Once his studies were completed, peace had returned to France, and jobs in the Navy were scarce. Lapérouse sailed the French Atlantic coast carrying timber between Bayonne and the shipyards of Rochefort and Brest, thus participating in the reconstruction of the French fleet after the war.

In 1772, the Chevalier de Ternay was appointed Governor of Île-de-France, today Mauritius: his protégé, Lapérouse, accompanied him. From Port-Louis d’Île-de-France, Lapérouse carried out numerous supply missions in the Indian Ocean on board L’Africain.

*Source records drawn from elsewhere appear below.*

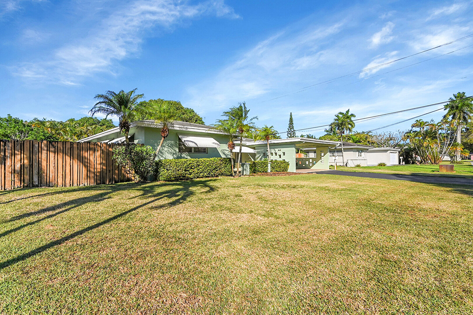 Attached Carport, Awning, Downspout, Driveway, Fence, Lawn, Residential View, Stucco Siding, Attached Carport, Awning, Gutters, Porch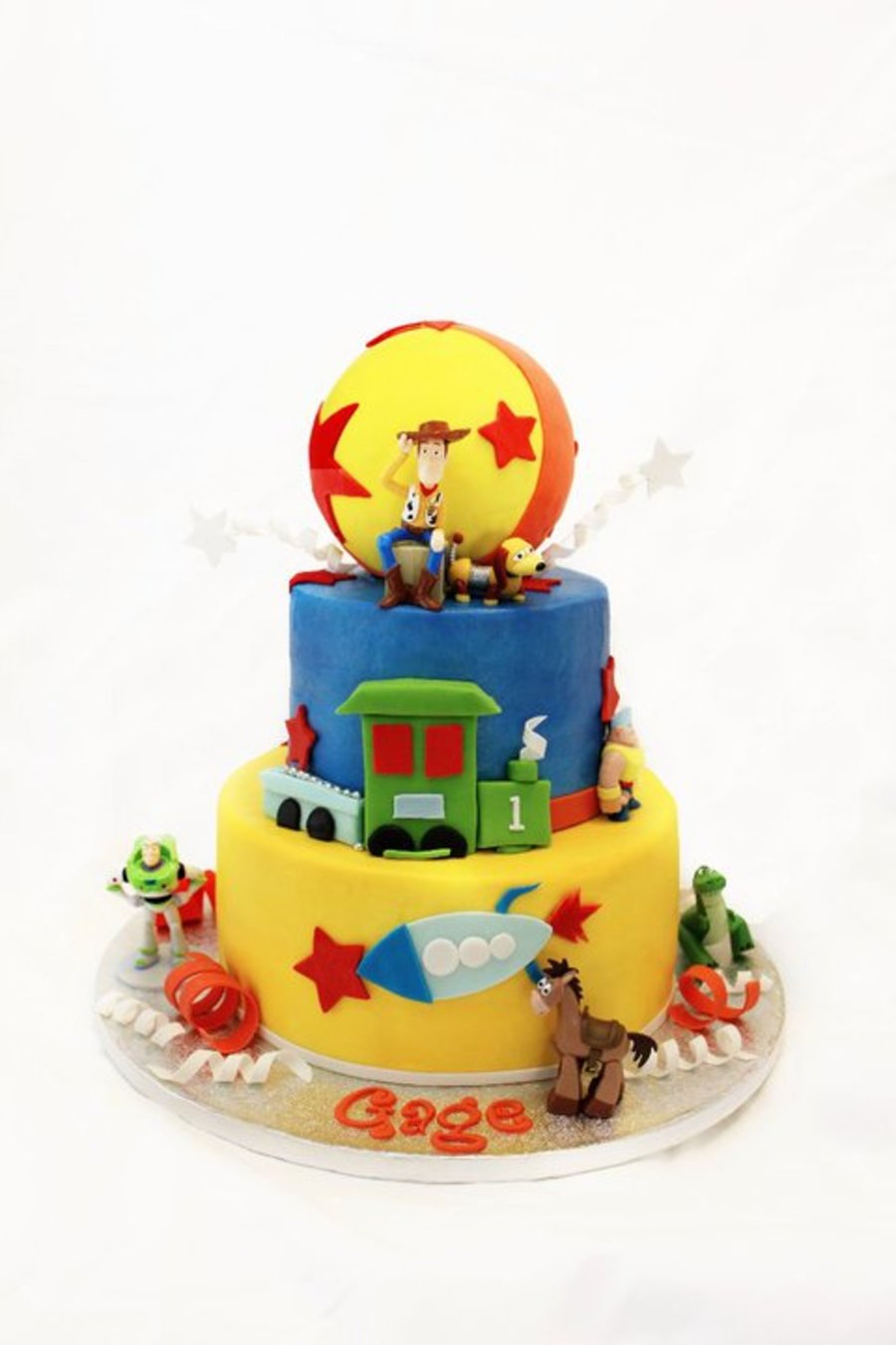 Cakes are 9 and 6 All buttercream, airbrushed. 4 inch styrofoam ball covered in fondant....cake has toys and fondant accents.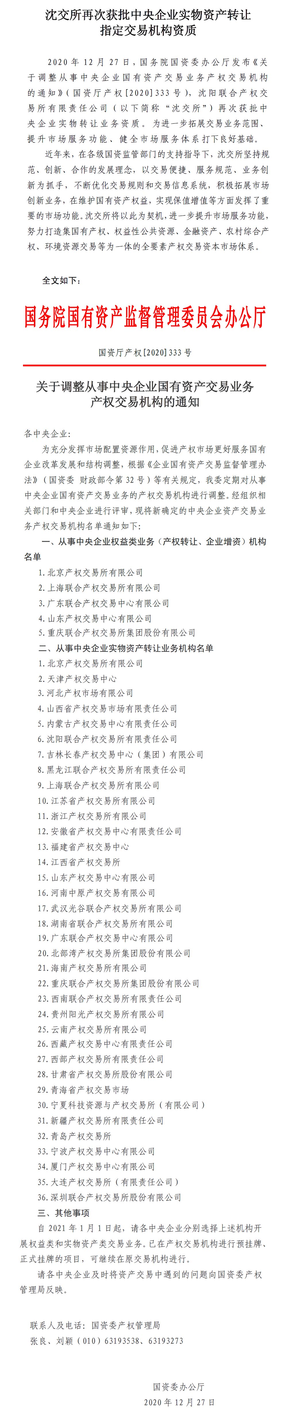 沈交所再次獲批中央企業(yè)實物資產(chǎn)轉(zhuǎn)讓指定交易機構(gòu)資質(zhì)

In 1773, Ternay entrusted him with the command of the ship La Seine, with which he undertook two expeditions to India, the second of which earned him the Cross of Saint Louis on his return to France.

On the Island of France, Lapérouse met Éléonore Broudou, daughter of an island official. Because of the latter’s bourgeois background, Laperouse’s father, Victor-Joseph de Galaup, opposed their marriage – it was not until ten years later, in 1783, that Laperouse married Eleonore, in Paris, after their story had undergone many twists and turns. Lapérouse did not return to France until 1777, one year before France went to war against England on the side of the insurgent colonists in America. He then joined the fighting, commanding the frigate Amazone, with the fleet commanded by the Count of Estaing. Then, under the command of Ternay, he took command of the frigate L’Astrée, and finally joined the command of Admiral de Grasse, before being promoted to captain in 1781 on the occasion of the battle of Louisbourg.